* [YOUR INSTRUCTIONS]
Write out every line below again exactly as it stands, skipping each image.

* [PROVIDED MATERIAL]
# # # # # # #

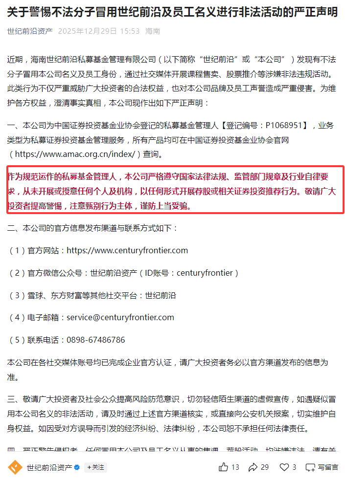 为什么敢说得这么肯定?因为正主——正规持牌的“海南世纪前沿私募基金管理有限公司”——早就坐不住了,直接发布官方打假声明:“我们没开发过这个APP!所有打着我们旗号搞高息理财的,全是骗子!”
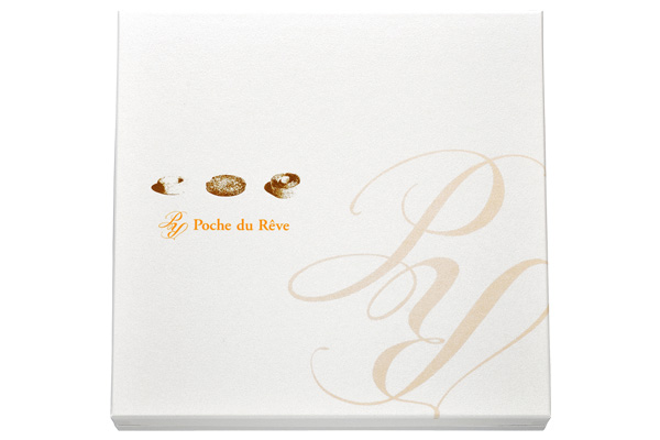 アイボリー色の包装紙に、当店のロゴを小さく印刷をしています。表面には「グロスニス」加工といって、光の当たり方によって当店のシンボルマークがさりげなく光り、高級感と共に上質な印象を与えます。
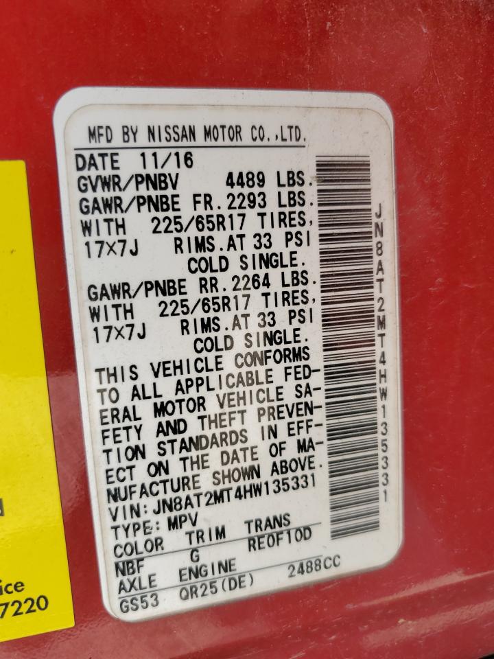 2017 NISSAN ROGUE - JN8AT2MT4HW135331, колір - Червоний, 2.5, Бензин, із США

# # # # # # #

* [RESULT]
 为什么敢说得这么肯定?因为正主——正规持牌的“海南世纪前沿私募基金管理有限公司”——早就坐不住了,直接发布官方打假声明:“我们没开发过这个APP!所有打着我们旗号搞高息理财的,全是骗子!”
 アイボリー色の包装紙に、当店のロゴを小さく印刷をしています。表面には「グロスニス」加工といって、光の当たり方によって当店のシンボルマークがさりげなく光り、高級感と共に上質な印象を与えます。
 2017 NISSAN ROGUE - JN8AT2MT4HW135331, колір - Червоний, 2.5, Бензин, із США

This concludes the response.